The code belows allows you to make your own decision tree.  What three conditions should you use to get the highest accuracy?

In [None]:
# top level of decision tree
filter_level_1 = city["school_quality"] < 4
level_2_left = city[filter_level_1]
level_2_right = city[~filter_level_1]

In [None]:
# second level of decision tree on left
filter_level_2_left = level_2_left["housing_cost"] < 4
level_3_left_left = level_2_left[filter_level_2_left]
level_3_left_right = level_2_left[~filter_level_2_left]

In [None]:
# second level of decision tree on right
filter_level_2_right = level_2_right["community_events"] < 4
level_3_right_left = level_2_right[filter_level_2_right]
level_3_right_right = level_2_right[~filter_level_2_right]

In [None]:
# make predictions

proportion_1 = level_3_left_left["happy"].sum()/level_3_left_left.shape[0]
if (proportion_1 >= 0.5):
    confusion_matrix_left_left = confusion_matrix(level_3_left_left["happy"],np.ones(level_3_left_left.shape[0]))
else:
    confusion_matrix_left_left = confusion_matrix(level_3_left_left["happy"],np.zeros(level_3_left_left.shape[0]))

proportion_1 = level_3_left_right["happy"].sum()/level_3_left_right.shape[0]
if (proportion_1 >= 0.5):
    confusion_matrix_left_right = confusion_matrix(level_3_left_right["happy"],np.ones(level_3_left_right.shape[0]))
else:
    confusion_matrix_left_right = confusion_matrix(level_3_left_right["happy"],np.zeros(level_3_left_right.shape[0]))

proportion_1 = level_3_right_left["happy"].sum()/level_3_right_left.shape[0]
if (proportion_1 >= 0.5):
    confusion_matrix_right_left = confusion_matrix(level_3_right_left["happy"],np.ones(level_3_right_left.shape[0]))
else:
    confusion_matrix_right_left = confusion_matrix(level_3_right_left["happy"],np.zeros(level_3_right_left.shape[0]))

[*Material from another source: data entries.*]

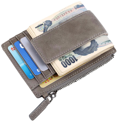 Le sourire 出来るビジネスマンのための【薄くて軽い本革 レザー マネークリップ】オン・オフ使える機能性の高さ(グレー) | マネークリップ
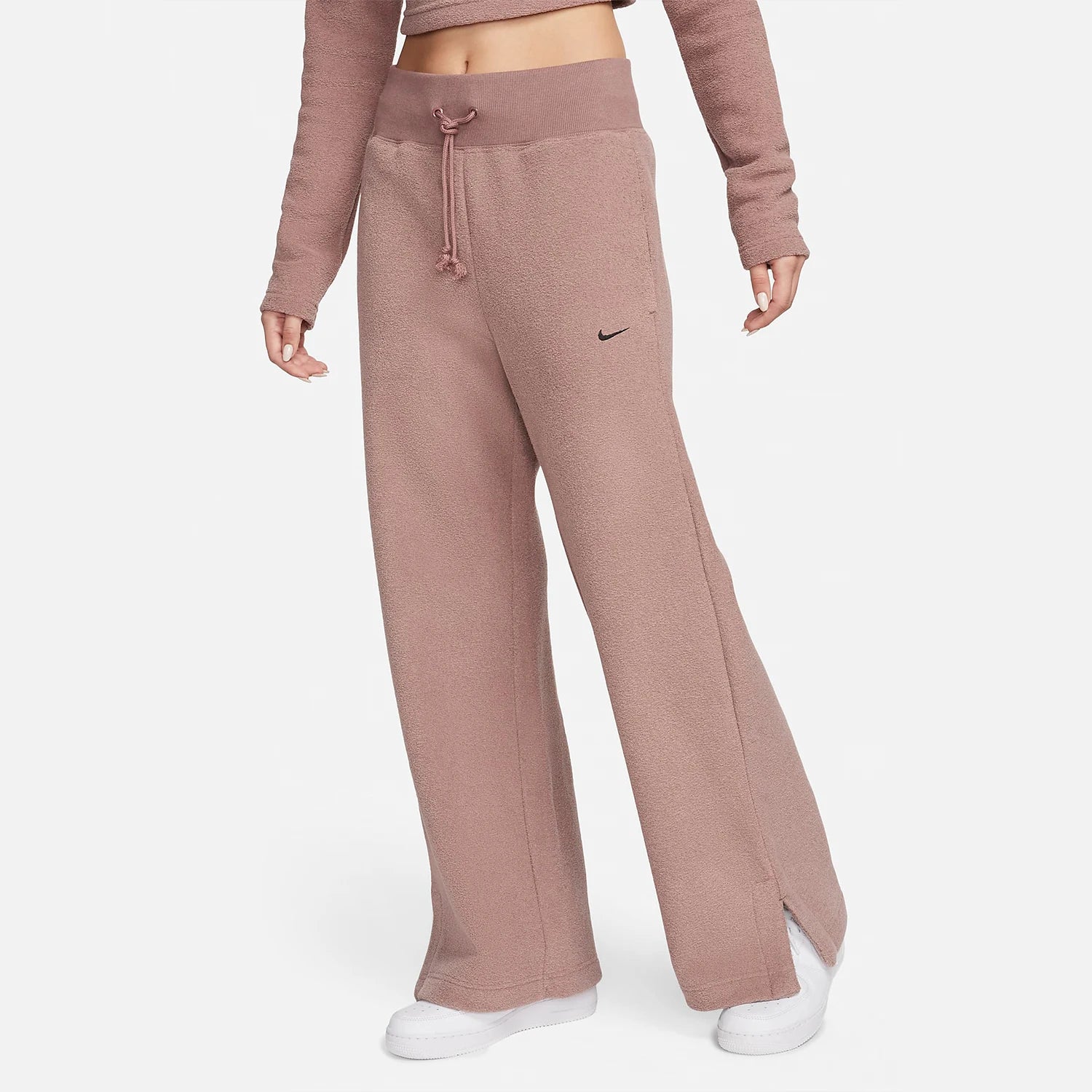 The Nike genuine 2024 New Women's High-Waisted Wide-Leg Fleece-Lined Loose-Fit Pants FN3623-208 are fleece-lined women's pants designed to provide warmth and a relaxed wide-leg silhouette for everyday wear.
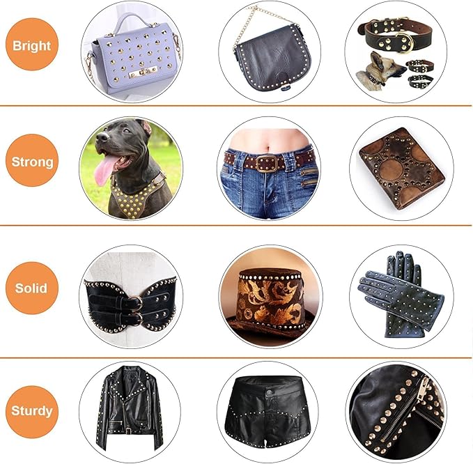 【高品質】カシメセットはスタッズは丈夫で耐久性が強い銅材料で作られて、穴あけパンチ、打ち棒は高品質の炭素鋼素材で作られています。輝いています、華やかなで仕上がりが美しい印象を与えてくれる。レザー工芸品はきれいに見えます。鞄に付けるなら何度も開け閉めをするので丈夫で長持ちする金属製のスナップボタンがよい、光沢もあります、レザー工芸品はきれいに見えます。
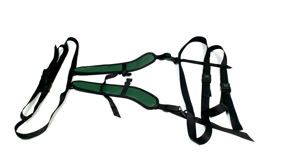 Подходящие лямки продаются отдельно. Сперва нужно застегнуть ремни, опоясывающие баллоны, а затем застегнуть ремни, прижимающие сиденье и ласты.
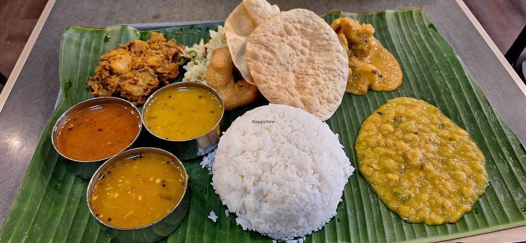 A point off because the menu didn’t say what was vegan and the service was rushed, with no chance for questions. I was able to get through that I wanted no yoghurt or dairy and my rice set meal did come dairy free. The food was really good - super hot and freshly cooked poori, chutney, curry, sambar etc. my partner had the masala dosa (asked for no ghee) and enjoyed that too. Portions are huge #Veganuary
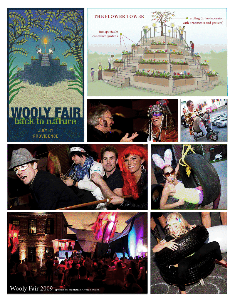 This year’s Fair features a host of exciting performers and interactive installations with a Back to Nature theme and the centerpiece of the Fair will be The Flower Tower, a 24’x24’ tiered pyramid that will be staged at The Steel Yard and will host over a hundred container gardens. During the day, each attendee will be invited to plant the Flower Tower with a plant of their choice. Following Wooly Fair, the container gardens will be distributed throughout Rhode Island.
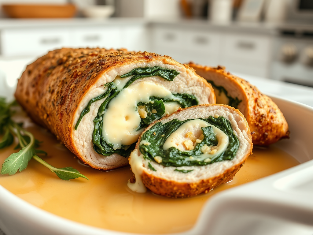 Pork tenderloin stuffed with a flavorful mixture of cheese, spinach, and herbs, roasted to perfection. - Keto Ham with Dijon and Herb Glaze
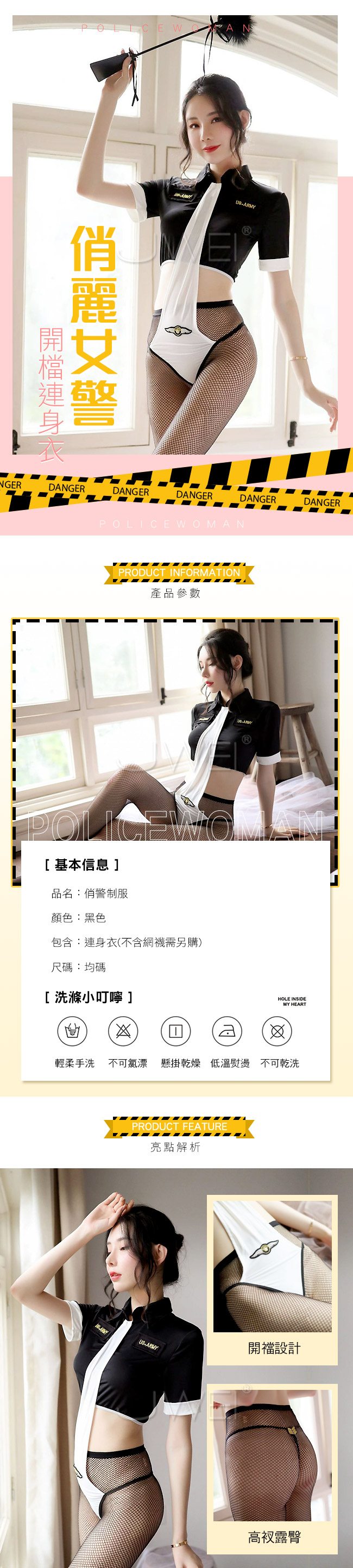 俏麗警探.分體式開襠警察角色扮演服二件組(黑色)
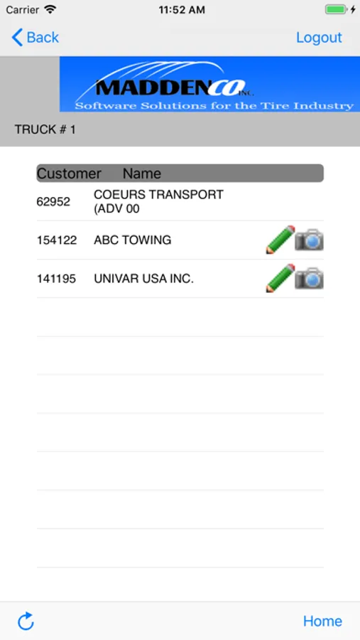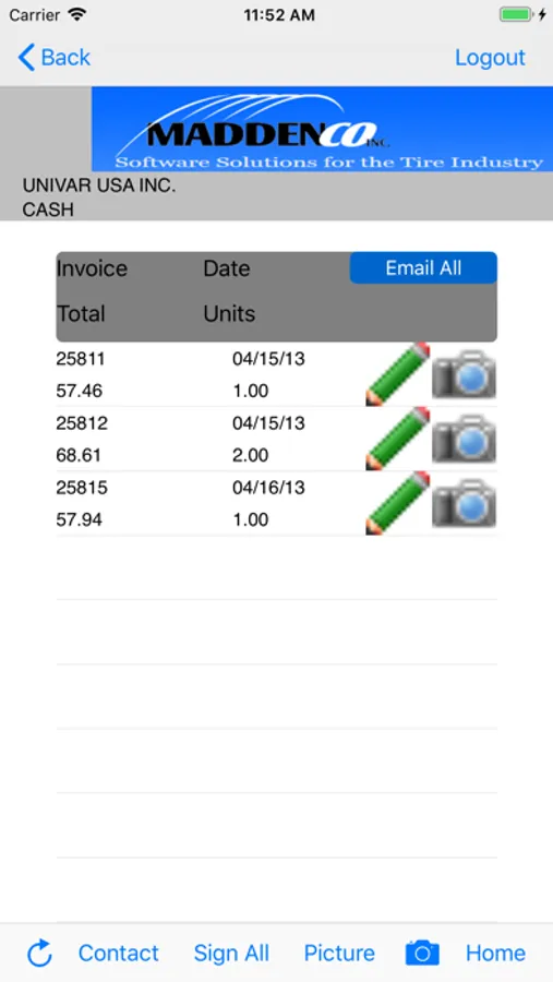 This App written by MaddenCo, Inc. the writers of "The Tire Dealer System" allows the Dealer's driver to capture a signature at the point of delivery. Date and time are captured. Signatures are associated to invoices and can be emailed with the invoice.
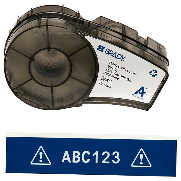All Weather Permanent Adhesive Vinyl Label Tape, 3/4 in W x 21 ft L, White on BlueSKU G2254217Categories Adhesives, Epoxy & SealantsDescription Continuous Label Roll Cartridge, Compatible Grainger Part Number 53PJ33, Compatible Mfr Part Number R4400, Label Color Blue, Label Finish Gloss, Label Material Vinyl, Label Width 3/4 in, Material Properties Autoclavable, Printer Series Compatibility BMP21-LAB, BMP21-PLUS, M210, M210-LAB, M211, Ribbon Color White, Roll Length 21 ft, Vial/Tube Size 2.0 to 50.0 ml, For Print Method Thermal Transfer, Material Series B-595, Maximum Service Temperature 180 Degrees FgraingerSKU: 3PXU4, mscSKU: , zoro_no: G2254217, mongo_id: 65bbe5973aaddbd5a9fd3638
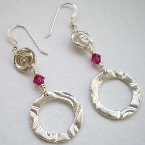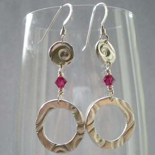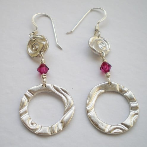 Small hand crafted art clay silver discs with a swirl pattern have tiny swarovski crystals and art clay silver hoops dangling from them. Really pretty and delicate earrings.
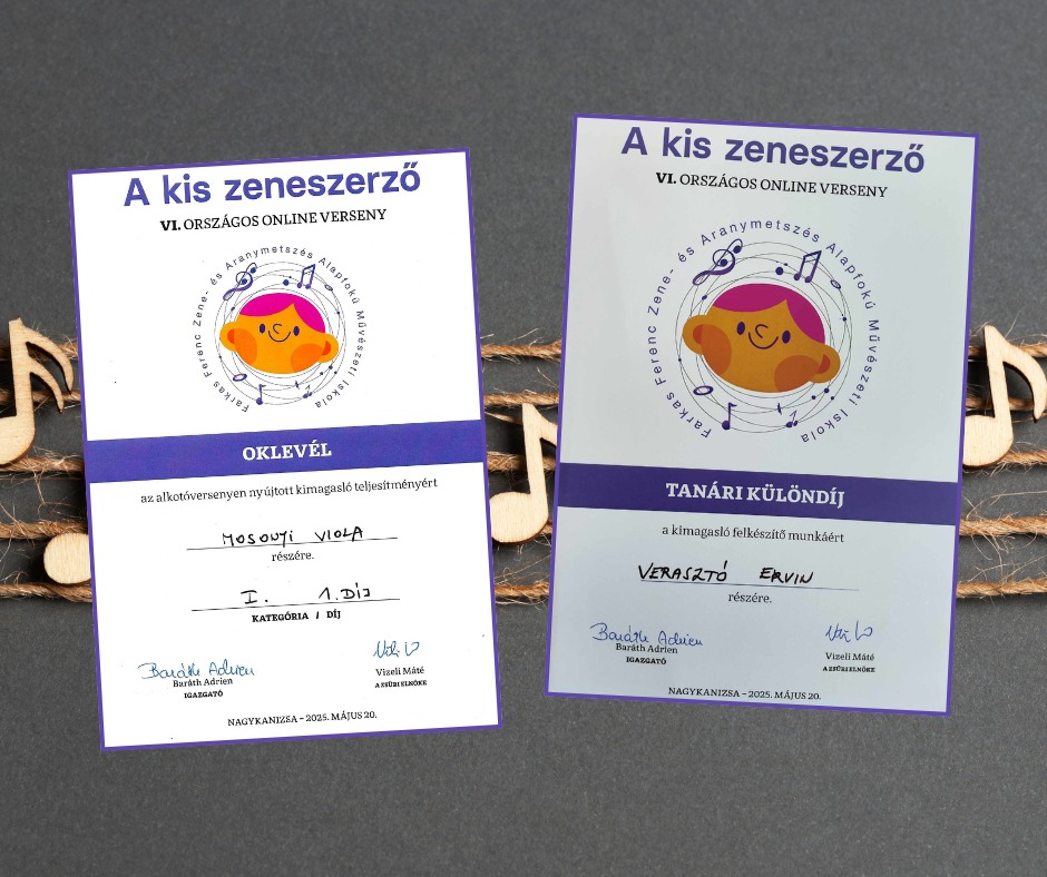 Iskolánkban mindig bátorítjuk a diákjainkat arra, hogy improvizáljanak, illetve saját kompozíciókat írjanak már zenei tanulmányaik kezdetekor is. Épp ezért különösen nagy öröm számunkra, hogy Mosonyi Viola I. díjat, tanára, Verasztó Ervin pedig Tanári Különdíjat nyert kimagasló felkészítő munkájáért a Farkas Ferenc Zene- és Aranymetszés AMI által meghirdetett ,,A kis zeneszerző” VI. Országos Online Versenyen. Gratulálunk!

proportion_1 = level_3_right_right["happy"].sum()/level_3_right_right.shape[0]
if (proportion_1 >= 0.5):
    confusion_matrix_right_right = confusion_matrix(level_3_right_right["happy"],np.ones(level_3_right_right.shape[0]))
else:
    confusion_matrix_right_right = confusion_matrix(level_3_right_right["happy"],np.zeros(level_3_right_right.shape[0]))

cm = confusion_matrix_left_left + confusion_matrix_left_right + confusion_matrix_right_left + \
                            confusion_matrix_right_right

tn, fp, fn, tp = cm.ravel()

sensitivity = tp/(tp + fn)
specificity = tn/(tn + fp)
precision = tp/(tp + fp)
accuracy = (tp + tn)/(tp + tn + fp + fn)

print("Sensitivity:",sensitivity)
print("Specificity:",specificity)
print("Precision:", precision)
print("Accuracy:",accuracy)

## Fitting a decision tree with sci-kit learn

We can get just the independent variables (x's) using the following:

In [None]:
city.iloc[:,1:7]

Next we created the decision tree classifier variable (object) and then fit it to our data:

In [None]:
clf = tree.DecisionTreeClassifier(max_depth = 2)
clf = clf.fit(city.iloc[:,1:7], city["happy"])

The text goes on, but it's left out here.